[DATA PROVIDED]
>>>

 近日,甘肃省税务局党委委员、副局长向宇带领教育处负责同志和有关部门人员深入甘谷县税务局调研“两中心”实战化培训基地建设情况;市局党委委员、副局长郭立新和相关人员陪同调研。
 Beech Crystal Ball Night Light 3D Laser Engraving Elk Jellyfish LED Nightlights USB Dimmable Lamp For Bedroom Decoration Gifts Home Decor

<<<
>>>

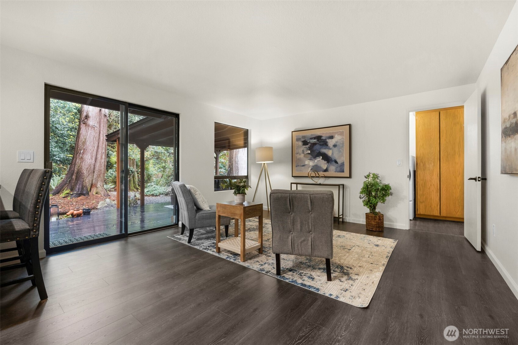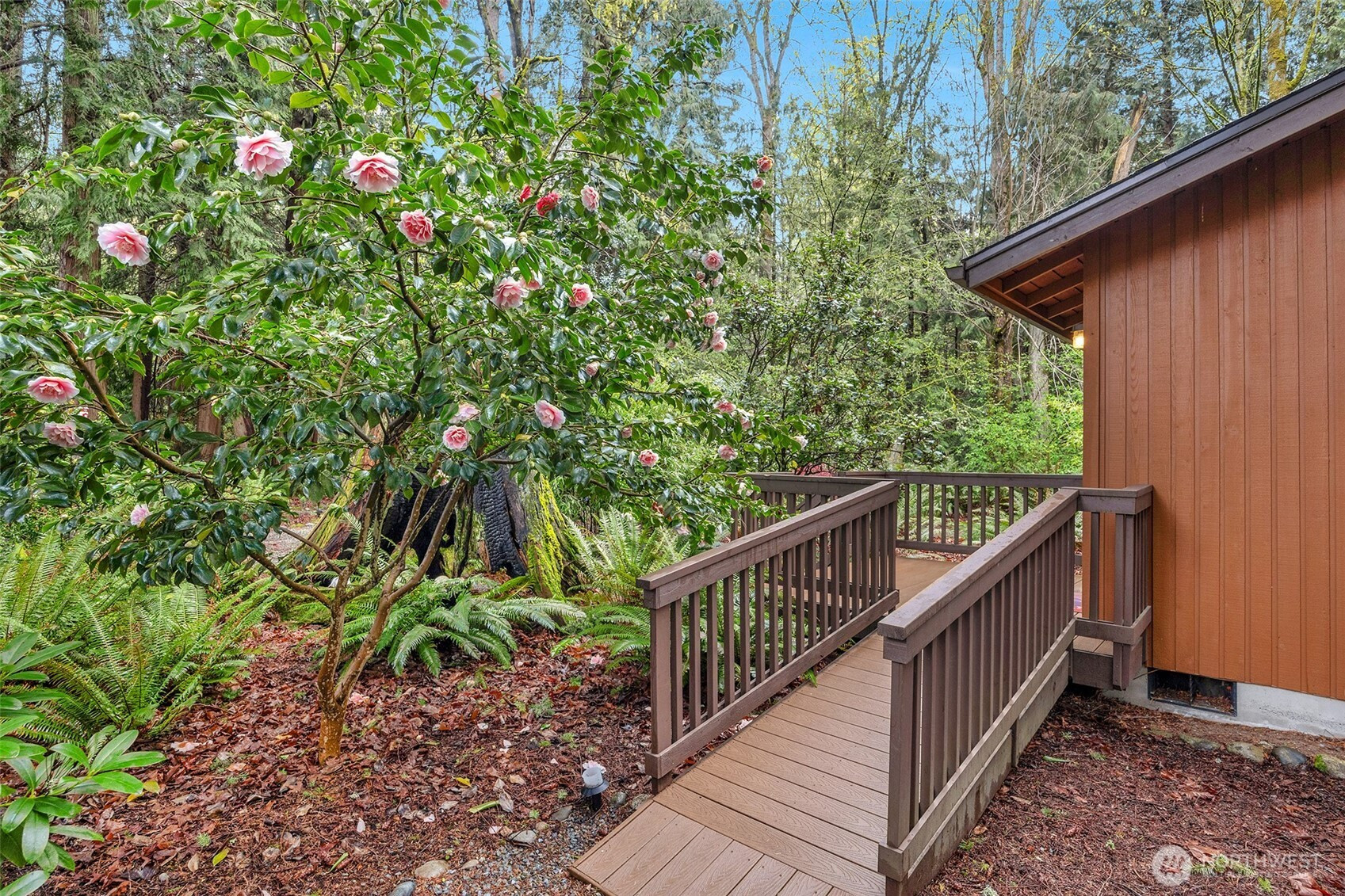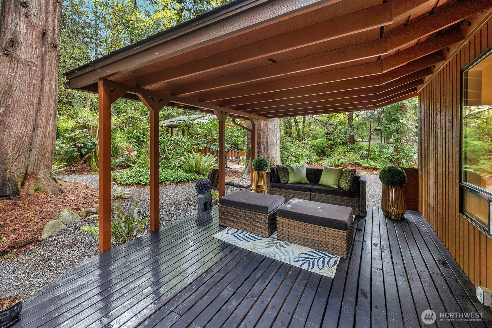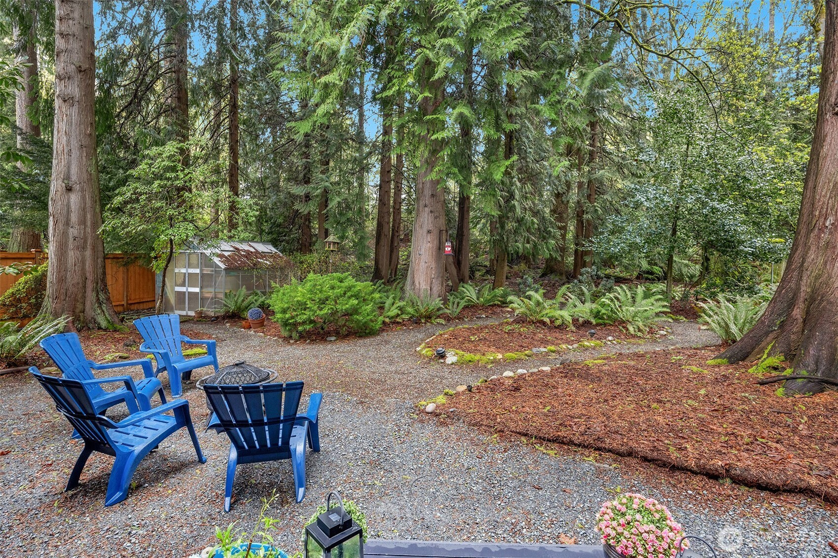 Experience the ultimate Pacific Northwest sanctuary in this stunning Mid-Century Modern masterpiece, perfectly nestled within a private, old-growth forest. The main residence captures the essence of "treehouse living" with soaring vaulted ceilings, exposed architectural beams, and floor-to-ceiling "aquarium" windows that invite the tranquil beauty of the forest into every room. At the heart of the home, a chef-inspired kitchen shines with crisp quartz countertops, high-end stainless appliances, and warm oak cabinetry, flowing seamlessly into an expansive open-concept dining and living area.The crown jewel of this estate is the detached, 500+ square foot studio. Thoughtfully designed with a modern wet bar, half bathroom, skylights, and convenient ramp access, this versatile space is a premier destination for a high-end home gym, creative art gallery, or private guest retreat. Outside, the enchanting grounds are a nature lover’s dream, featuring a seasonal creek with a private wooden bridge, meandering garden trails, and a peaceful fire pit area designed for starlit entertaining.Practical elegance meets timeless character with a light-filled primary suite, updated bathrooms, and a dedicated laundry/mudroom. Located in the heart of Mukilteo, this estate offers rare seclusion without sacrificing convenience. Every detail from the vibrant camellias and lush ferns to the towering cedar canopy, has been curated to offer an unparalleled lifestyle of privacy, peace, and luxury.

<<<

[ACTION ITEM]
Repeat exactly the lines of the listing above, from the one with "近日,甘肃省税务局党委委员、" down to the one with "Beech Crystal Ball"; both of those lines belong in the range.

[TASK OUTPUT]
 近日,甘肃省税务局党委委员、副局长向宇带领教育处负责同志和有关部门人员深入甘谷县税务局调研“两中心”实战化培训基地建设情况;市局党委委员、副局长郭立新和相关人员陪同调研。
 Beech Crystal Ball Night Light 3D Laser Engraving Elk Jellyfish LED Nightlights USB Dimmable Lamp For Bedroom Decoration Gifts Home Decor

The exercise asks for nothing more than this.